Бизе очень волновали даже мелкие частности исполнения и, конечно, он хотел сделать все, что возможно, чтобы способствовать успеху дела. Он решил занять место в суфлерской будке и — оказавшись таким образом рядом с артистами — помочь им, в случае необходимости, словом или взглядом, подсказать текст, вступление, уберечь от ошибки.
Левен не хотел рисковать успехом спектакля в целом. Поэтому было решено показать одноактную «Джамиле», так сказать, «для съезда публики» — в самом начале, а затем дать «Дочь полка» Доницетти, имеющую многолетний устойчивый успех. Если новое произведение Бизе и провалится, на опере Доницетти театр возьмет реванш и вечер не будет испорчен.

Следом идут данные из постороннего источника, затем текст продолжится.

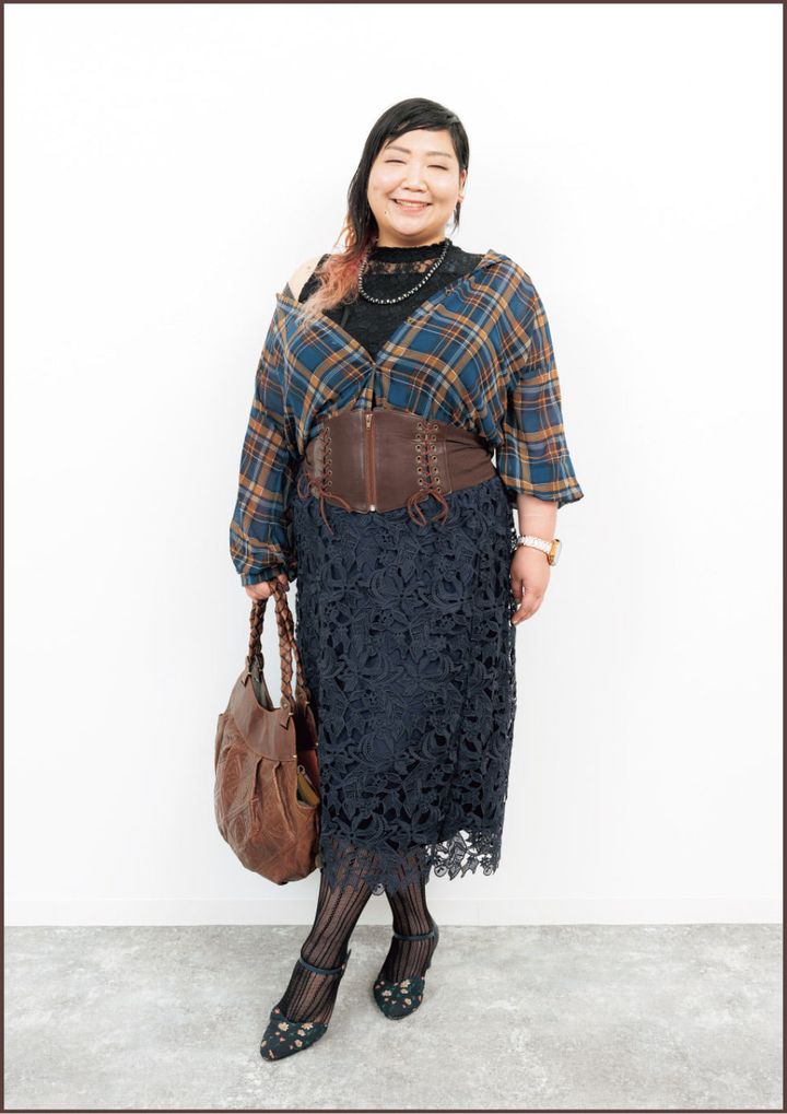 太ベルトでくびれを強調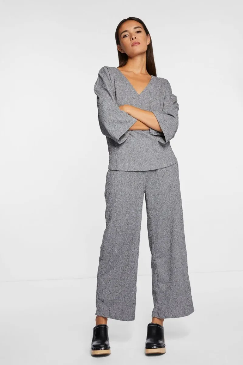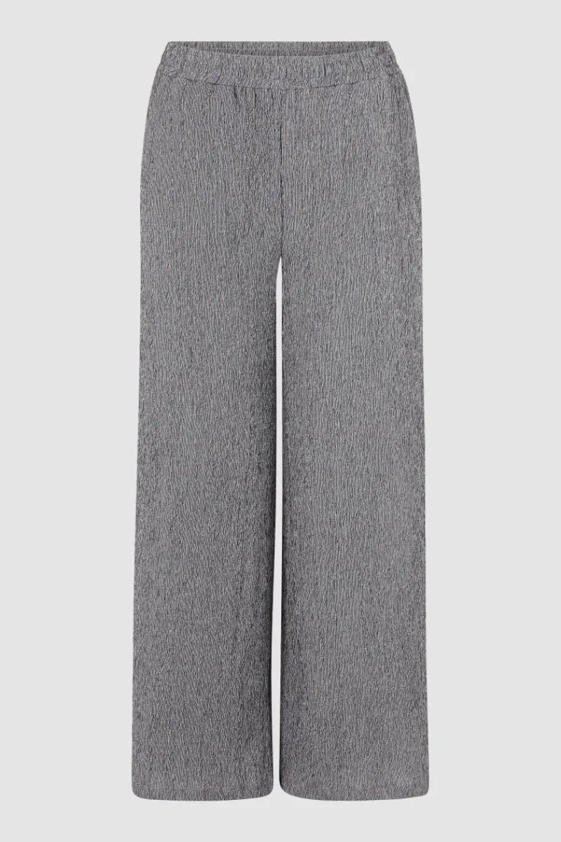 Das zweifarbige Kreppmaterial der Pants bringt ein ausdrucksstarkes Gesamtbild. Trendig präsentiert sich die Hose auch mit ihrem weiten Bein. Dank des Gummibundes und der Taschen trägt sie sich recht bequem.

— В этот вечер, — рассказывает Галле, — Бизе явился точно к началу, очень собранный и решивший не упустить ничего. Он устроился в суфлерской будке, я — чуть ниже, лицом к нему, и мы стали обмениваться короткими, несколько лихорадочными замечаниями, в то время как артисты томились на сцене в ожидании, когда поднимется занавес.
Наконец, раздались три удара, дирижер поднял палочку, и Бизе, весь начеку, приступил к исполнению своих руководящих обязанностей с уверенностью и холодной волей, удивительными для композитора, ощущающего за своей спиной толпу, способную даже при самом благожелательном ее настроении внушить беспокойство.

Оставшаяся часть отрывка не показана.